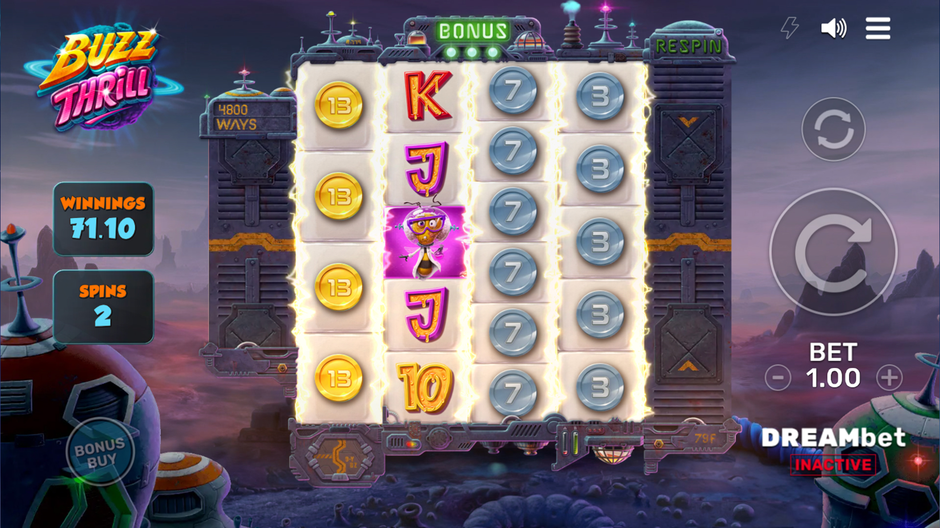 DreamSpin has started with a bang. The Buzz Thrill slot cleverly puts a twist on the popular outer space theme but placing a crew of heroic bees each with their unique characteristics. Quirky and fun, the animations are superb and going into overdrive in the bonus features.
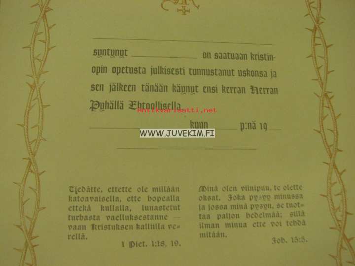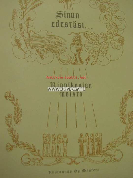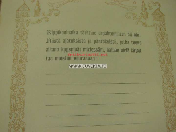 Kustannus Oy Mantere, 194821 x 30 cm kirja. Rippikoululaisen ja rippikouluajan arvokas muistokirja, täyttämätön.
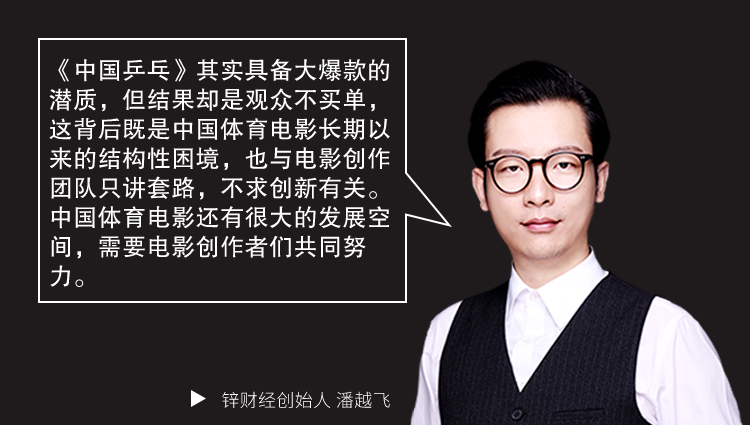 不止是《中国乒乓》一部电影的问题,纵观中国体育电影史,迄今为止也没出现票房和口碑都大爆的电影,这背后既是中国体育电影的结构性困局,也与电影创作者不求创新,落入叙事老套的窠臼息息相关。
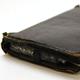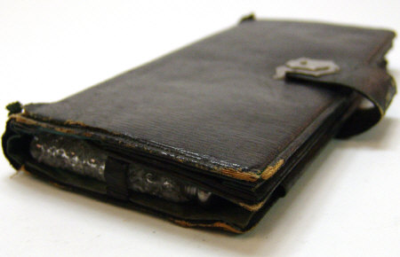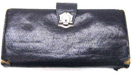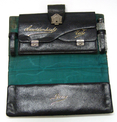 Edwardian leather clutch bag, opening to reveal sub-divided sections for handkerchief, veils, gloves and fitted with a glass scent bottle, 30cm in length
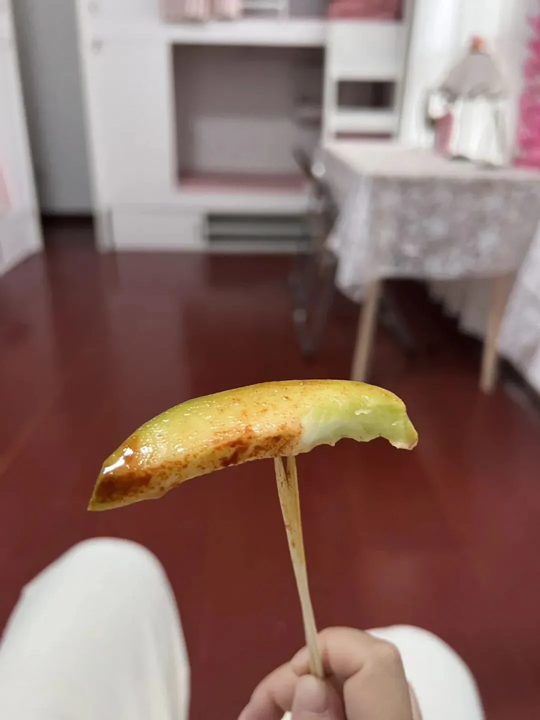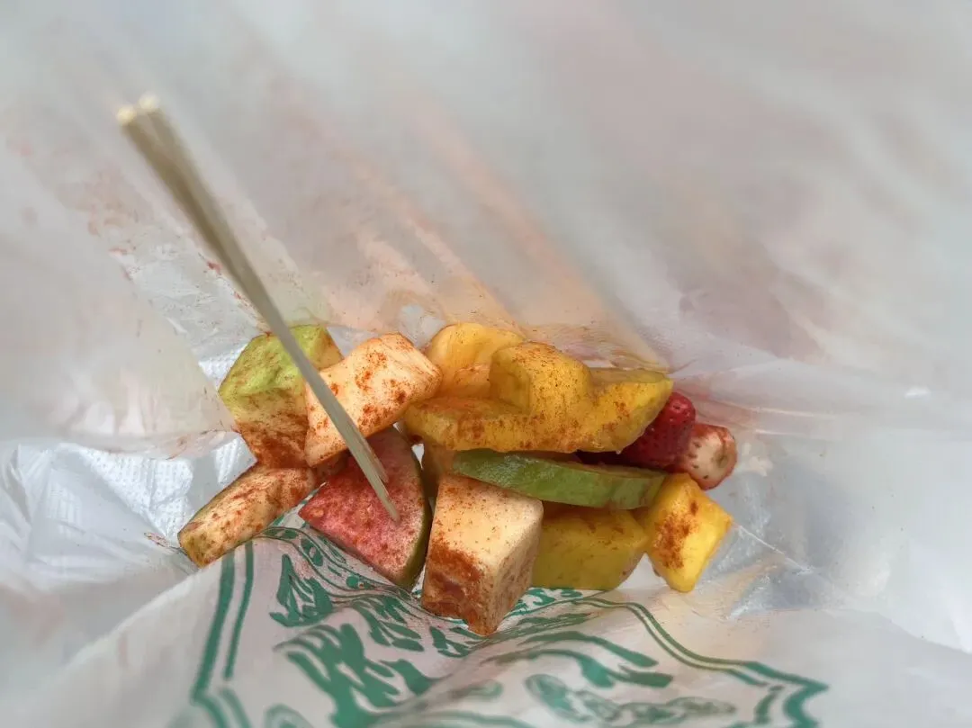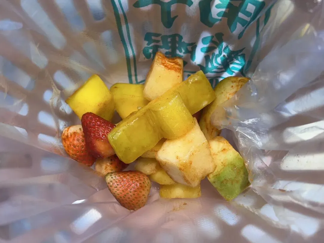 这个口感实在是吃不惯。辣椒面裹在水果上,渗透到果肉里,酸甜中又带着咸辣味。
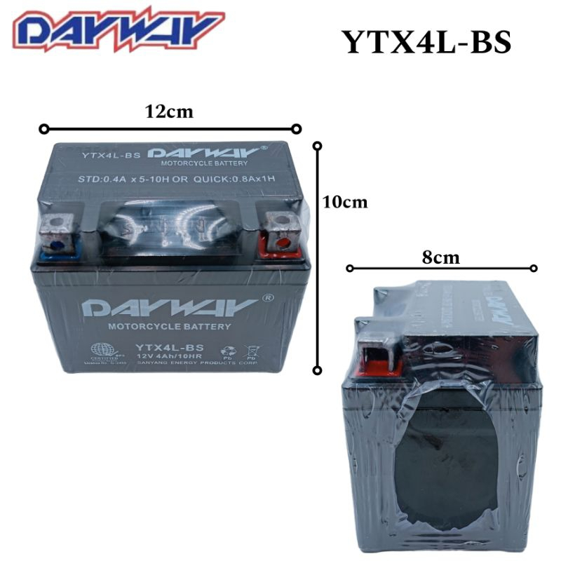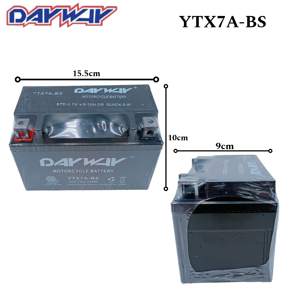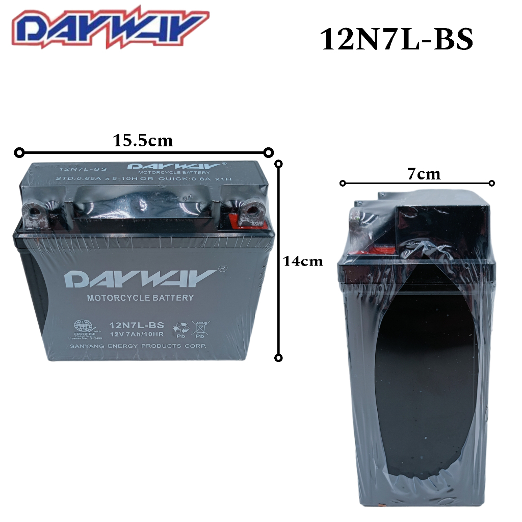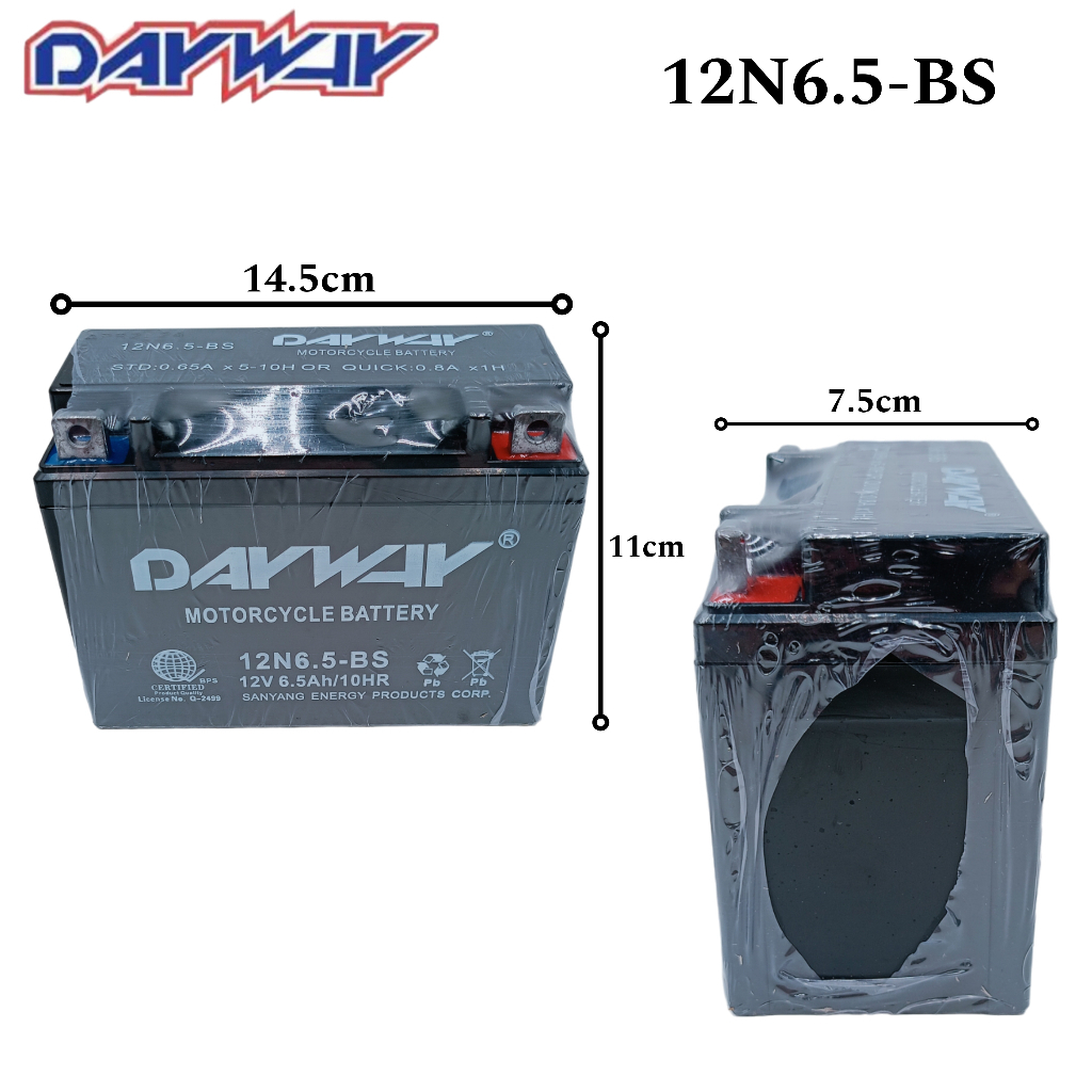 Motorcycle Motor DayWay Battery ALL SIZE 2.5L/ 3L/ 4L/ 5L/ 6.5L/ 7L/ 7A WITH SMART CHARGER
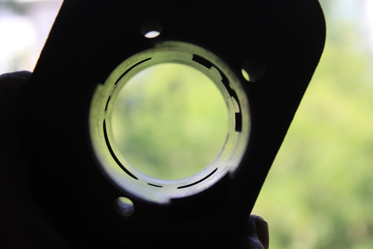 43mm kit racing met mooie wand. De uitlaatflens is zo bewerkt dat hij ovaal is en dus niet goed afsluit. Misschien een kwestie van oplassen of gewoon een nieuw net pijpje erop lassen (misschien wel nen dikken?). 12 pen polini zuiger met lichte warmloopsporen. Veren zitten er ook bij, maar misschien is deze mooie cilinder een nieuwe zuiger waard. prijs 50
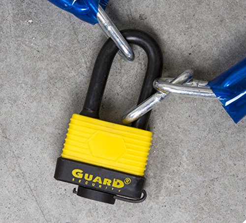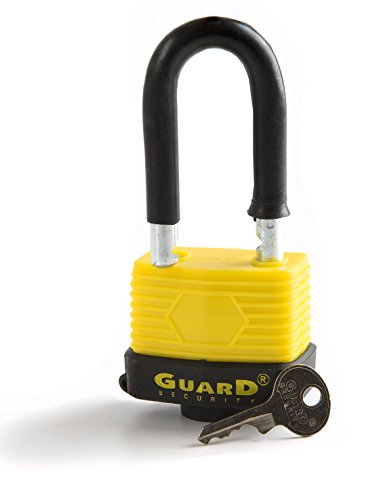 MAXIMUM PROTECTION: Guard Security 55128 weatherproof laminated 2-1/4" long shackle steel padlock. Padlock body is covered by a tough yellow thermoplastic jacket for maximum protection. Precision "O" ring seal on shackle-way resists water and dirt intrusion. Case hardened steel shackle protects against sawing and cutting.
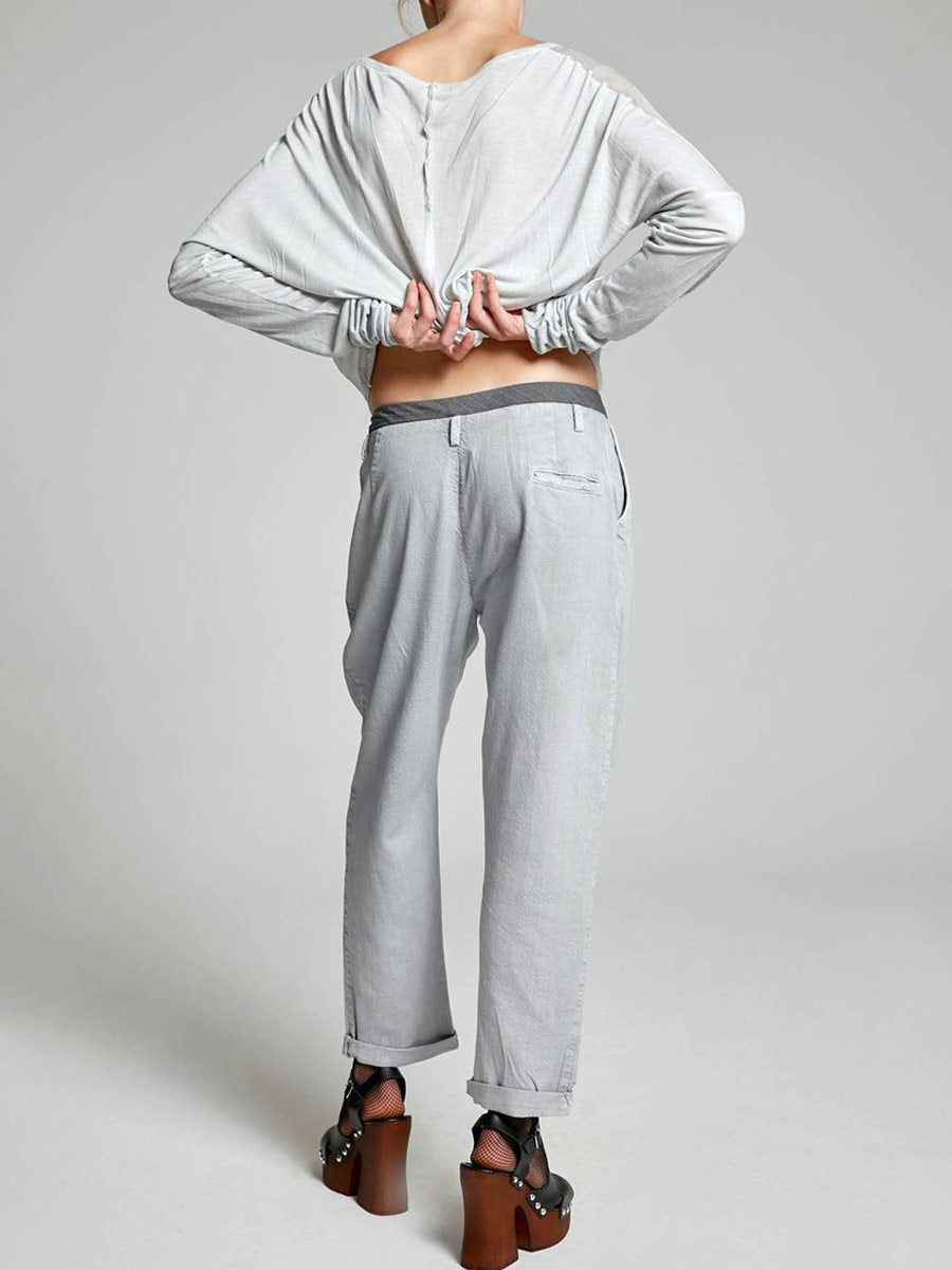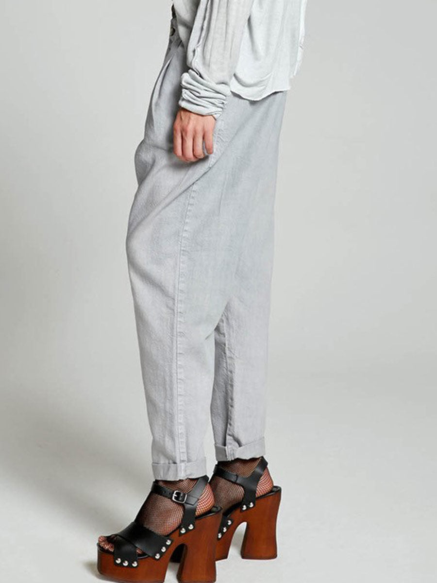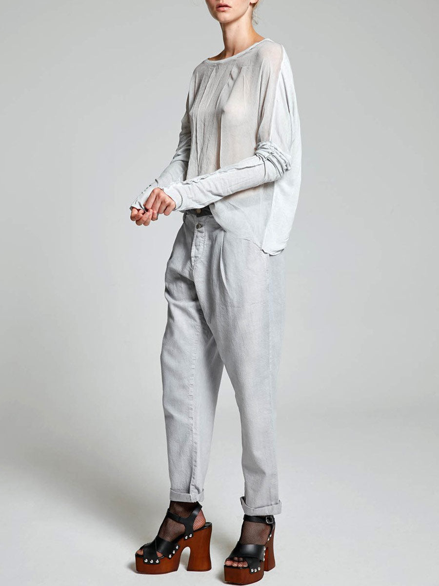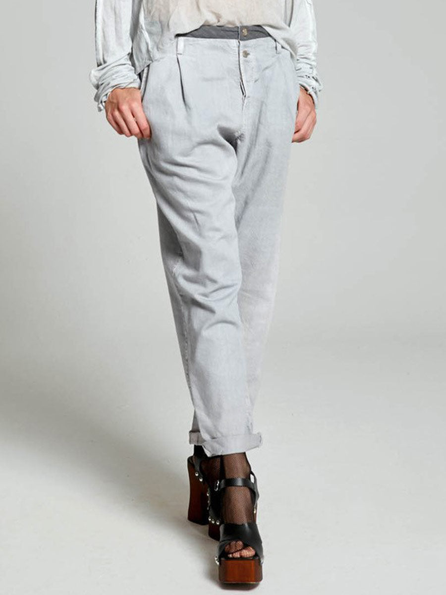 Washed out look heavy cotton pant in bluey grey.   Side slash pockets , pleated front into wide legs tapered to the ankle.  Funky manual turnups.   Fly front with button ffasting.  Handfinished details and stitching.
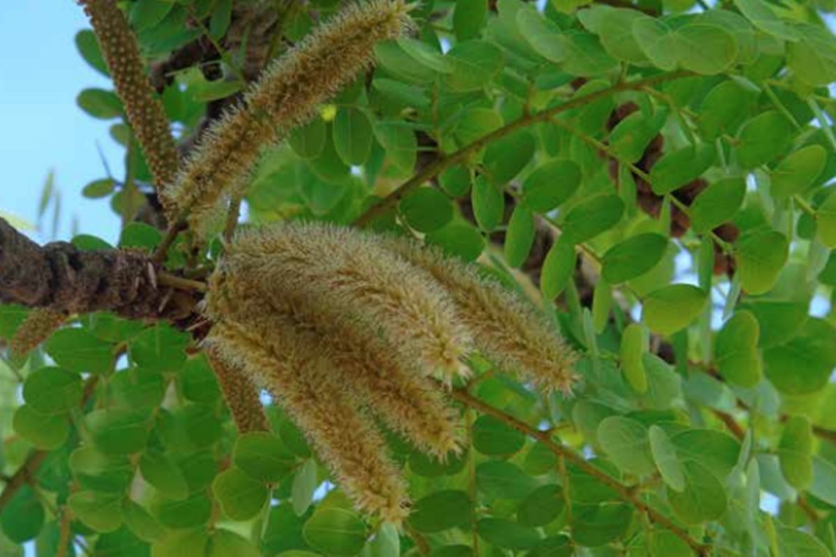 folhas e fruto da espécie Stryphnodendron adstringens conhecida como barbatimão-do-cerrado
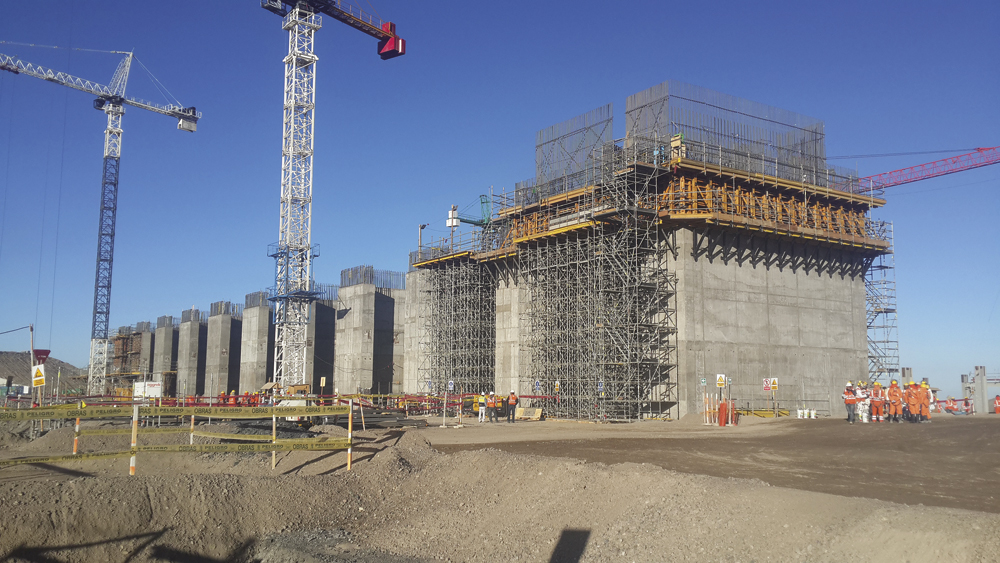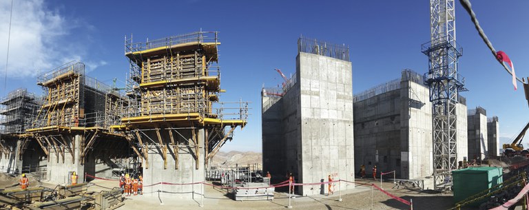 En la primera fase de la Bocatoma, se han empleado encofrados modulares y por lo tanto versátiles: ORMA en muros rectos y, CLR y encofrado circular FLECTOR en muros curvos en tongadas de 2,6 m. Con las múltiples configuraciones de andamio BRIO, los operarios han podido simultanear trabajos mientras continuaba la ejecución en altura.

# # # #

WHAT YOU NEED TO DO:
All entries must be written out again exactly as given, with no pictures in the copy.

RESPONSE BELOW:
 DreamSpin has started with a bang. The Buzz Thrill slot cleverly puts a twist on the popular outer space theme but placing a crew of heroic bees each with their unique characteristics. Quirky and fun, the animations are superb and going into overdrive in the bonus features.
 Kustannus Oy Mantere, 194821 x 30 cm kirja. Rippikoululaisen ja rippikouluajan arvokas muistokirja, täyttämätön.
 不止是《中国乒乓》一部电影的问题,纵观中国体育电影史,迄今为止也没出现票房和口碑都大爆的电影,这背后既是中国体育电影的结构性困局,也与电影创作者不求创新,落入叙事老套的窠臼息息相关。
 Edwardian leather clutch bag, opening to reveal sub-divided sections for handkerchief, veils, gloves and fitted with a glass scent bottle, 30cm in length
 这个口感实在是吃不惯。辣椒面裹在水果上,渗透到果肉里,酸甜中又带着咸辣味。
 Motorcycle Motor DayWay Battery ALL SIZE 2.5L/ 3L/ 4L/ 5L/ 6.5L/ 7L/ 7A WITH SMART CHARGER
 43mm kit racing met mooie wand. De uitlaatflens is zo bewerkt dat hij ovaal is en dus niet goed afsluit. Misschien een kwestie van oplassen of gewoon een nieuw net pijpje erop lassen (misschien wel nen dikken?). 12 pen polini zuiger met lichte warmloopsporen. Veren zitten er ook bij, maar misschien is deze mooie cilinder een nieuwe zuiger waard. prijs 50
 MAXIMUM PROTECTION: Guard Security 55128 weatherproof laminated 2-1/4" long shackle steel padlock. Padlock body is covered by a tough yellow thermoplastic jacket for maximum protection. Precision "O" ring seal on shackle-way resists water and dirt intrusion. Case hardened steel shackle protects against sawing and cutting.
 Washed out look heavy cotton pant in bluey grey.   Side slash pockets , pleated front into wide legs tapered to the ankle.  Funky manual turnups.   Fly front with button ffasting.  Handfinished details and stitching.
 folhas e fruto da espécie Stryphnodendron adstringens conhecida como barbatimão-do-cerrado
 En la primera fase de la Bocatoma, se han empleado encofrados modulares y por lo tanto versátiles: ORMA en muros rectos y, CLR y encofrado circular FLECTOR en muros curvos en tongadas de 2,6 m. Con las múltiples configuraciones de andamio BRIO, los operarios han podido simultanear trabajos mientras continuaba la ejecución en altura.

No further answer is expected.